Work task: A faithful copy is required: retype the records from their first line through the line with "Cụ thể, giá", and omit the pictures.

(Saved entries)
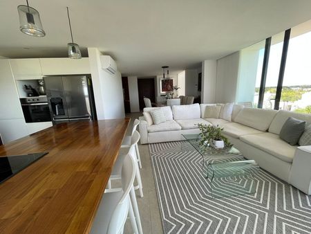 Este penthouse de 3 recámaras, disponible sin amueblar, cuenta con techos altos, vestidores y un amplio rooftop privado con bar, perfecto para relajarse o recibir a sus huéspedes. Ubicado en el corazón de Ciudad Mayakoba, el primer residencial sustentable de la Riviera Maya, combina exclusividad y privacidad con acceso conveniente a las espectaculares playas.
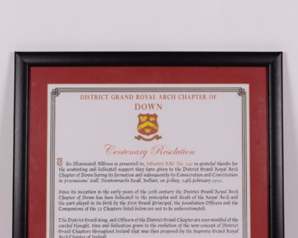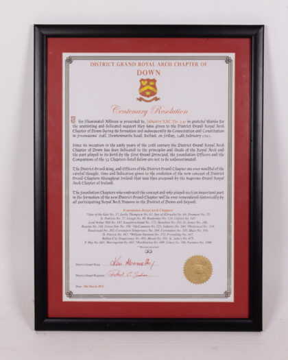 Framed Masonic print from the District Grand Royal Arch Chapter of Down, celebrating their centenary in 2011. Framed in a black wooden frame.
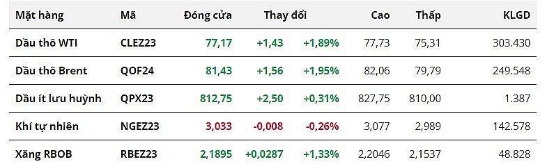 Cụ thể, giá dầu WTI tăng 1,89% lên 77,17 USD/thùng. Giá dầu Brent chốt phiên tại 81,43 USD/thùng, tăng 1,95% so với phiên trước.
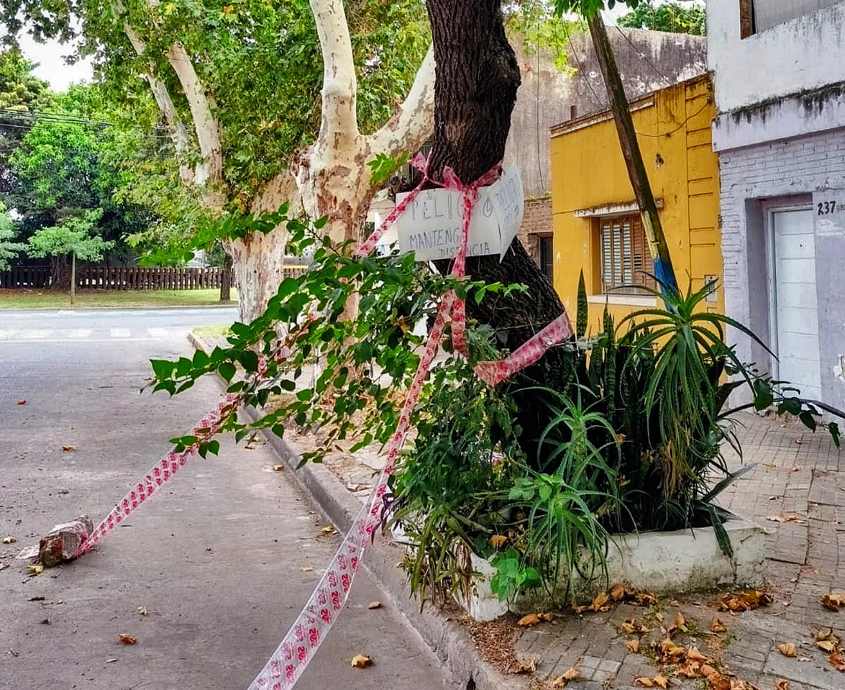 Los carteles que alertan sobre el peligro a automovilistas y peatones son obra, explicó la vecina, de un integrante de la Casa Solidaria Malvinas Argentinas. Blanca recordó que hace un año, un camión con caja de gran altura arrasó con el tendido eléctrico en la cuadra y con varias ramas del ejemplar, que tras el incidente quedó peligrosamente inclinado sobre el asfalto.
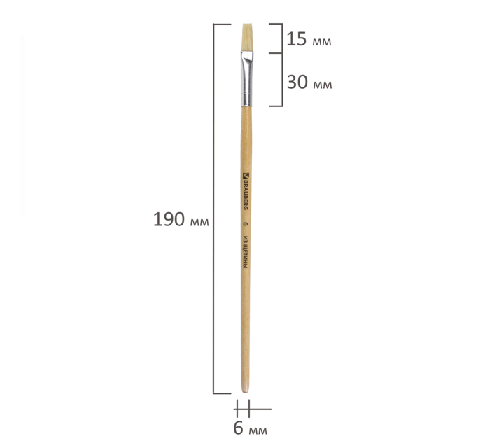 Кисть BRAUBERG № 6 подходит для работы с гуашью, акрилом, маслом, темперой, а также для прорисовывания различных деталей рисунка. Снабжена защитным пластиковым колпачком. Кисть из щетины обладает высокой упругостью, хорошо держит форму, долговечна и надежна. Кисть № 6 позволит прорисовывать детали и наносить крупные мазки и линии. Деревянную лакированную рукоятку кисти удобно держать в руке., страна-производитель - Китай

Solution for this task:
 Este penthouse de 3 recámaras, disponible sin amueblar, cuenta con techos altos, vestidores y un amplio rooftop privado con bar, perfecto para relajarse o recibir a sus huéspedes. Ubicado en el corazón de Ciudad Mayakoba, el primer residencial sustentable de la Riviera Maya, combina exclusividad y privacidad con acceso conveniente a las espectaculares playas.
 Framed Masonic print from the District Grand Royal Arch Chapter of Down, celebrating their centenary in 2011. Framed in a black wooden frame.
 Cụ thể, giá dầu WTI tăng 1,89% lên 77,17 USD/thùng. Giá dầu Brent chốt phiên tại 81,43 USD/thùng, tăng 1,95% so với phiên trước.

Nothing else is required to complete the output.